The superintendent cut in before Alex could respond. ‘I don’t want us to spend too much time speculating on what other source of income she might have had, at least not until we’ve got some facts. I don’t want anything to skew our perception of this young woman, OK?’

Alex nodded in agreement. ‘The fact of the matter is, she was brutalised and whoever was capable of inflicting this kind of suffering on another human being needs catching.’

‘He could do with a bit more than that,’ Chloe muttered.

‘Before he does it again?’ Dan asked.

Alex sighed. ‘Let’s hope not. And let’s not rule out the fact that “he” could be “she”.’

She gestured to the other images on the board; in particular, to the close-up shots of Lola’s hands and the bloodied fingertips from which her nails had been pulled out. ‘This kind of torture is inflicted deliberately, with intent. Why the nails? Any link to her work as a beautician?’

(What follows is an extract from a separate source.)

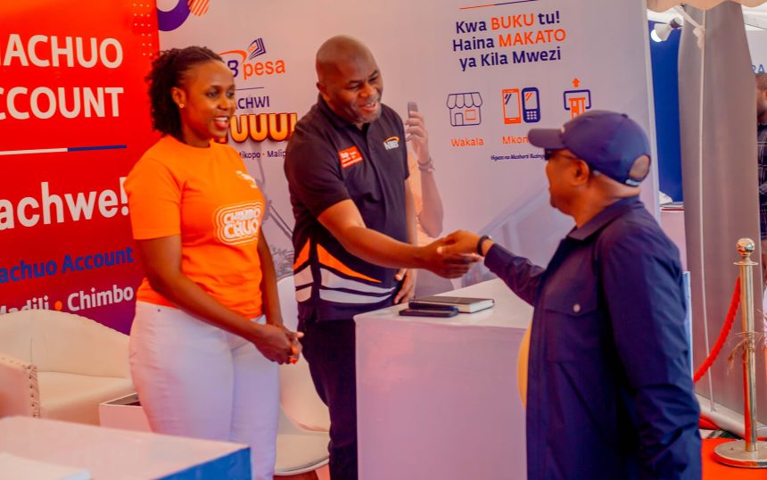 Waziri wa Nchi Ofisi ya Waziri Mkuu Kazi Vijana Ajira na Wenye Ulemavu Ridhiwani Kikwete akisalimiana na Meneja Mahusiano Idara ya Wateja Binafsi – Luiana Keenja, alipotembelea Banda la NMB kwenye Maadhimisho ya wiki ya Vijana katika viwanja vya Soko la Uhindini jijini Mbeya katikati ni Meneja Mauzo Kanda Nyanda za Juu Ungandeka Mwakatage.

‘What?’ piped up one of the younger male officers at the back of the room. ‘She gave someone a dodgy manicure and they decided to get their own back?’

Alex wasn’t in the mood for attempts at humour, particularly when they were in such bad taste. Her lip curled, as it often did when she was unimpressed. The look was enough to cast an uncomfortable silence over the room, especially when it was reinforced by the superintendent. If nothing else, the comment allowed her to allocate the task of watching the two weeks’ worth of CCTV footage requested from Cardiff City Council.

‘Her hair was cut off,’ Alex continued, drawing the focus away from the young constable. ‘Why?’